== Segment start ==
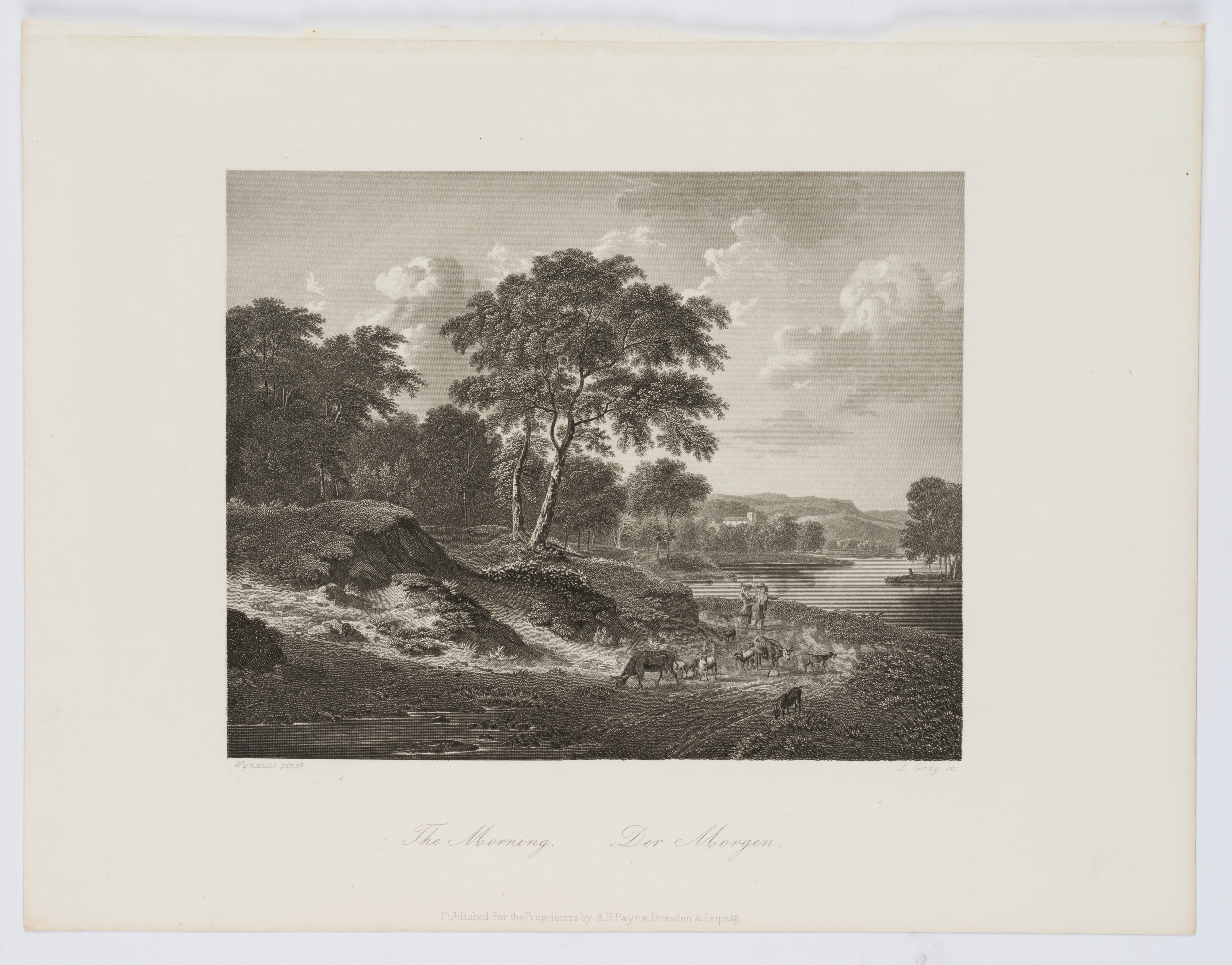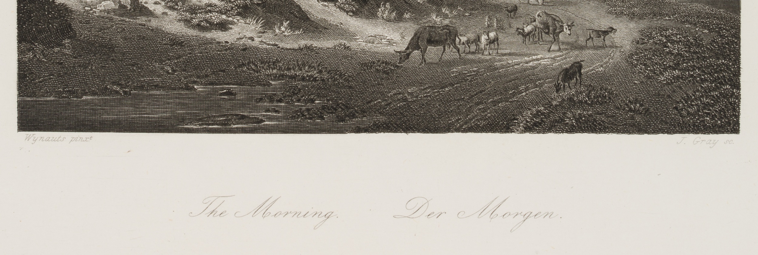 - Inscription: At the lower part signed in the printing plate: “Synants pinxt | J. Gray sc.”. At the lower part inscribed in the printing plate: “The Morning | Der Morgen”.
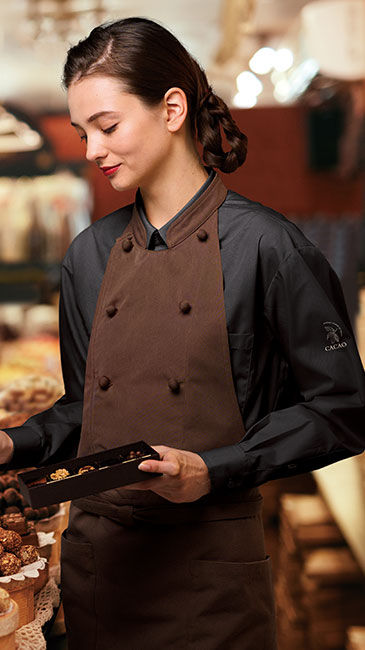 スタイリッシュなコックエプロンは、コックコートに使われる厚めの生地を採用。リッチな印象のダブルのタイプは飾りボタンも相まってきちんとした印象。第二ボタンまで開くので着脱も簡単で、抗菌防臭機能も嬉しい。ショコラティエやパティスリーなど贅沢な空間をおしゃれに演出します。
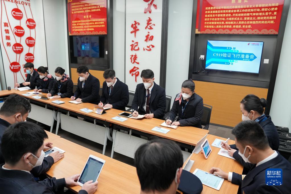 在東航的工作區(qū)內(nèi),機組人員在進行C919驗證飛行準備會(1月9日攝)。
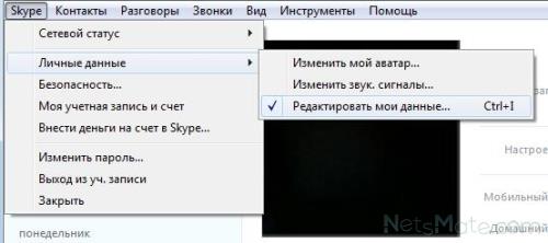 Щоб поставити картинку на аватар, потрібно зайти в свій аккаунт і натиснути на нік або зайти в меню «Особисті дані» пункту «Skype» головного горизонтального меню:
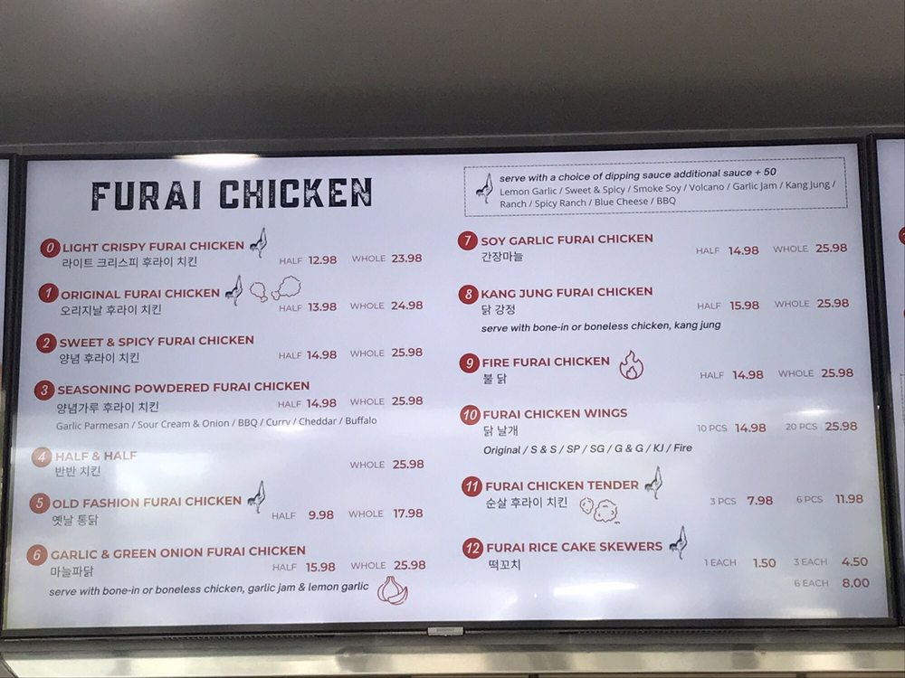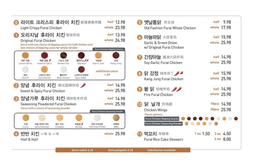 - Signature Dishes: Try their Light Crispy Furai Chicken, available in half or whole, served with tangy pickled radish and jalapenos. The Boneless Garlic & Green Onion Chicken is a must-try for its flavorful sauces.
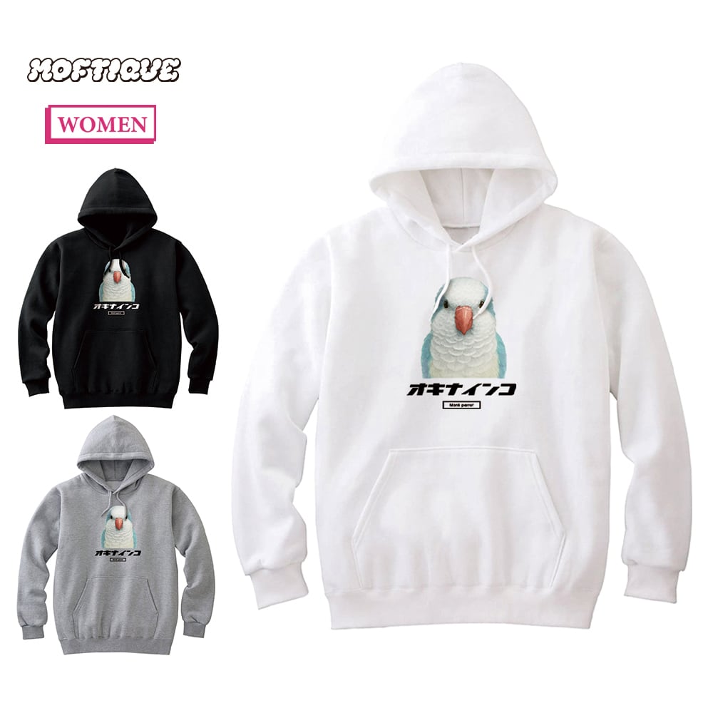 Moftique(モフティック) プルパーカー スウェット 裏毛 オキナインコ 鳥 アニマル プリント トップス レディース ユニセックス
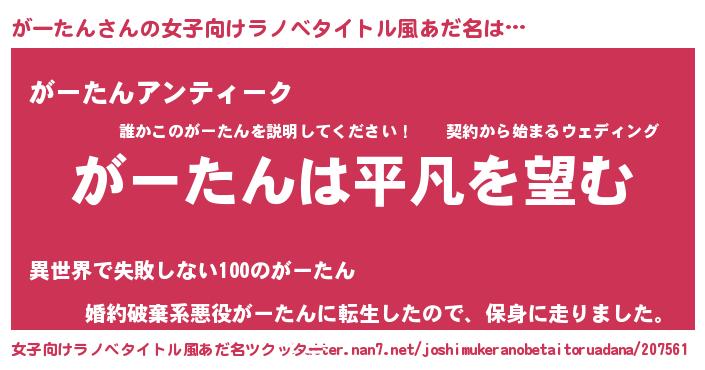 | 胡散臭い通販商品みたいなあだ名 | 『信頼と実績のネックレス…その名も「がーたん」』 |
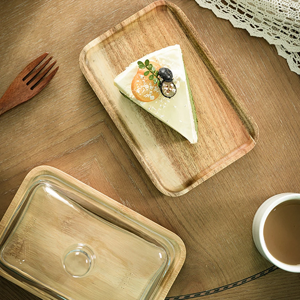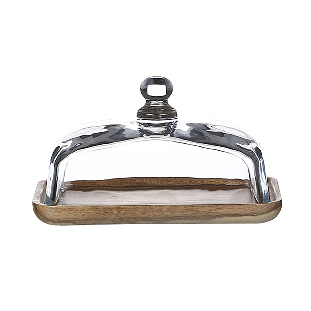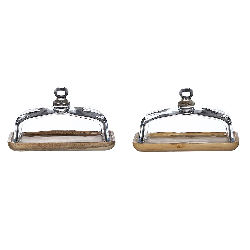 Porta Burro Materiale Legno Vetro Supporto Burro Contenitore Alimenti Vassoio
== Segment end ==
**Task instructions**
I need the lines from the one holding "在東航的工作區(qū)內(n" through the last line of the entries set down exactly, with every picture left out.

**Answer space**
 在東航的工作區(qū)內(nèi),機組人員在進行C919驗證飛行準備會(1月9日攝)。
 Щоб поставити картинку на аватар, потрібно зайти в свій аккаунт і натиснути на нік або зайти в меню «Особисті дані» пункту «Skype» головного горизонтального меню:
 - Signature Dishes: Try their Light Crispy Furai Chicken, available in half or whole, served with tangy pickled radish and jalapenos. The Boneless Garlic & Green Onion Chicken is a must-try for its flavorful sauces.
 Moftique(モフティック) プルパーカー スウェット 裏毛 オキナインコ 鳥 アニマル プリント トップス レディース ユニセックス
 | 胡散臭い通販商品みたいなあだ名 | 『信頼と実績のネックレス…その名も「がーたん」』 |
 Porta Burro Materiale Legno Vetro Supporto Burro Contenitore Alimenti Vassoio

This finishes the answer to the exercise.